Sayles' 'Sunshine' is all about conflicting views of small-town America
John Sayles, one of America's few truly independent filmmakers, sits in the elegant conference room of a chain hotel in downtown Seattle, talking about ambiance. Is there a place in America, he wonders, where there isn't a Starbucks? Where the locals really feel like they own the place? Why are we drawn to small-town life, and yet want to run from it?
His new movie, "Sunshine State" (opening today at the Harvard Exit), explores a community in transition: Plantation Island, Fla., where developers are rapidly changing a sea-blown beach community. The film's roots came in a shelved screenplay for another movie, based on a short story he'd written years ago, called "Treasure" and set in a town on the west coast of Florida.
"I went back to scout there before I wrote it," he said, "and it wasn't there anymore. So many of these little towns, at least the commercial part of them, had been taken over by corporate chains. There weren't mom-and-pop restaurants or motels or amusement parks anymore, they were all part of some bigger thing found throughout the coast and throughout the country. And that changes things, especially when it's a tourist place, anyway — you're just an employee of this giant theme park."
Sayles, in town for the world premiere of "Sunshine State" at the Seattle International Film Festival last month, is known for his thoughtful, socially conscious ensemble dramas made entirely outside of Hollywood; most recently "Limbo," "Men with Guns" and what many consider to be his masterpiece, "Lone Star." In "Sunshine State," Angela Bassett and Edie Falco star as two Plantation Island natives. Bassett's character fled as a teenager and now wonderingly returns; Falco, a lifer, runs her family's modest motel and is desperate to get out.

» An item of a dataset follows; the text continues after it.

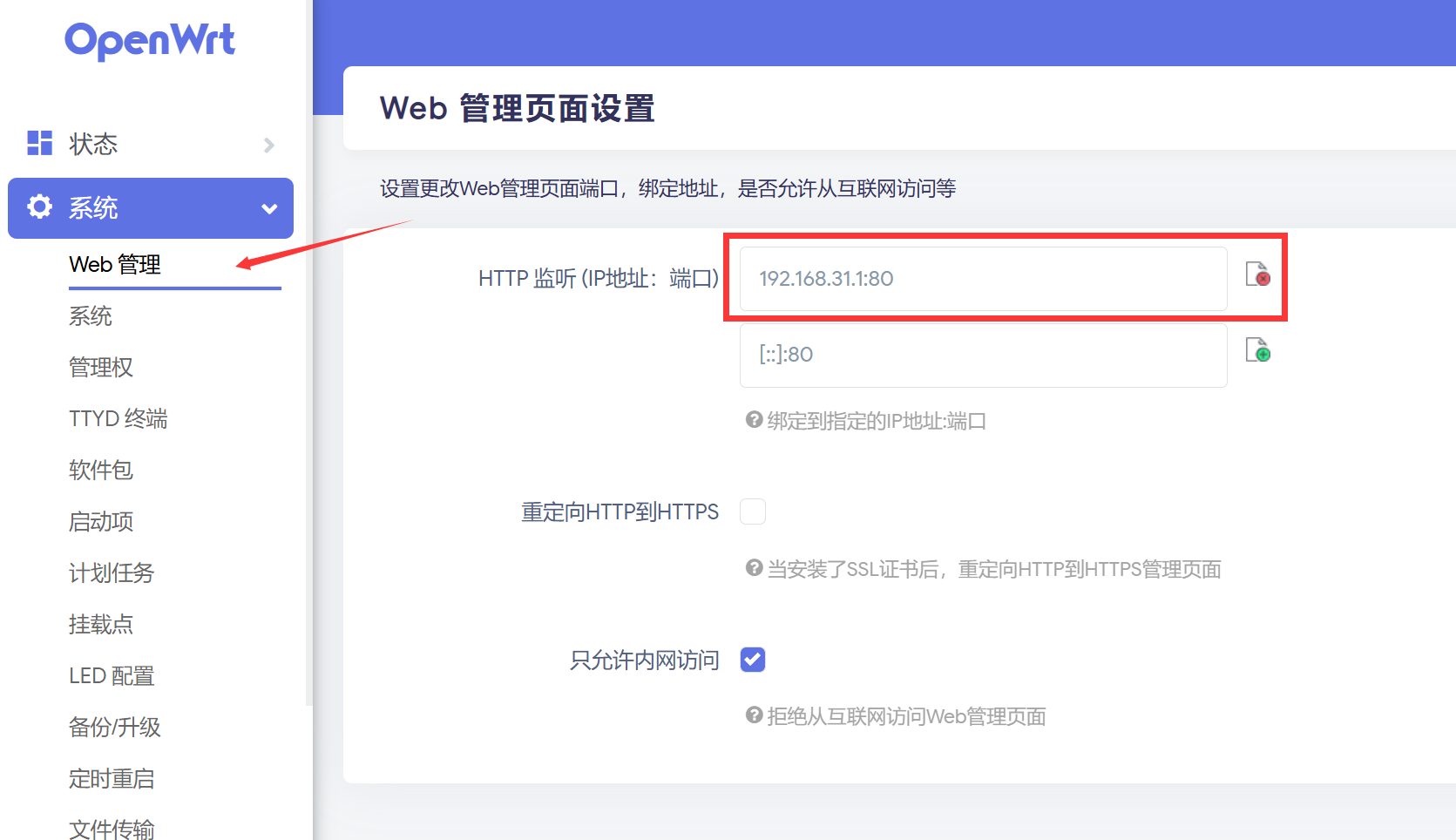 同时在系统 - Web 管理处将 HTTP 监听地址更改为新的 LAN 口地址。
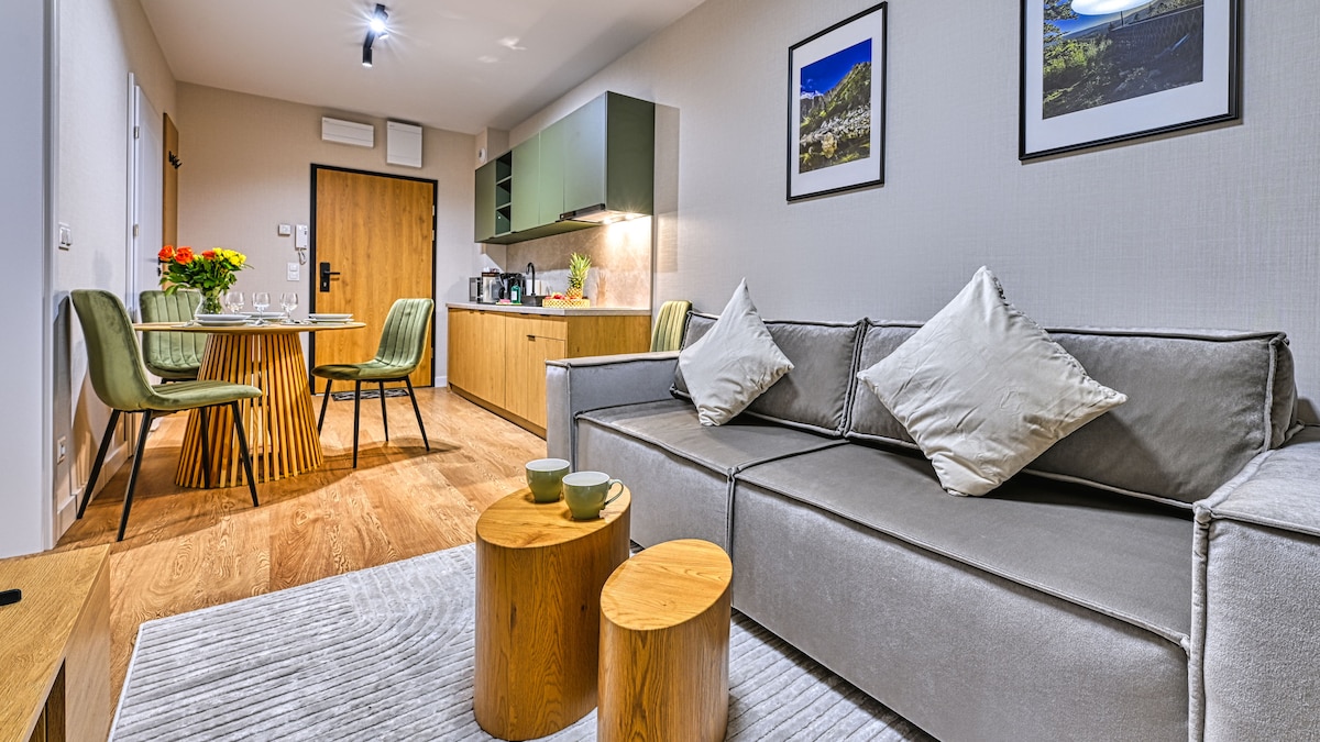 Vzdušný a prostorný apartmán uspokojí všechny vaše touhy po moderním ubytování s vlastním wellness až pro 4 osoby. Apartmán s king size manželskou postelí (180x200) a rozkládací sofou v obývacím pokojem až pro 2 osoby, kuchyňským koutem a terasou s vířivou vanou. Přímo z vířivky se pak můžete kochat panoramatickým výhledem na okolní hory. Co více si přát? Dejte si nohy na stůl a odpočiň si v tomto klidném, stylovém ubytování. Součástí budovy je i finská sauna.

The director, who divides his time between Hoboken, N.J., and a farm in upstate New York, understands the simultaneous push and pull of a small town. "I think those are two really conflicting kinds of ideals and needs in American people," he said. "This longing for some kind of community and roots, and a kind of reveling in our mobility, not wanting to be tied down. Angela's character is just as conflicted as Edie's."
Because of the constant difficulty of financing independent film, there's sometimes a long break between Sayles' films — "Limbo," his most recent, was three years ago. But the director and his longtime producer (and life partner) Maggie Renzi are greatly helped by his frequent screenwriting work. "One of the advantages I've had," he said, "is not that I finance (my films), but the money I make as a screenwriter finances the financing. We can maintain an office, make copies of screenplays, finance a location scout, get a production manager."
Sayles' recent screenwriting projects include a rewrite of "The Alamo" for director Ron Howard, a screenplay based on "A Cold Case," (the New Yorker article about a determined cop who solves a decades-old double homicide) for Tom Hanks' production company, and an adaptation of a science-fiction novel for James Cameron. "Like all screenwriters," he says, "I do a lot of stuff that doesn't get made, or somewhere it gets made but you don't end up taking credit on it."
But that's how he's able to make movies like "Casa de Los Babys," about six American women who travel to a South American country to adopt babies. Sayles will shoot it this summer. Also, Renzi is in the process of raising money ( "about three times more than we've ever raised for a movie," she says) to finance their very ambitious 2003 project: "Jamie McGillivray," an 18th-century epic set in Scotland, starring Robert Carlyle.
"It's a great yarn," says Renzi, "a really good page-turning action picture." Sayles smiles quietly, as if he's already shooting the movie in his head.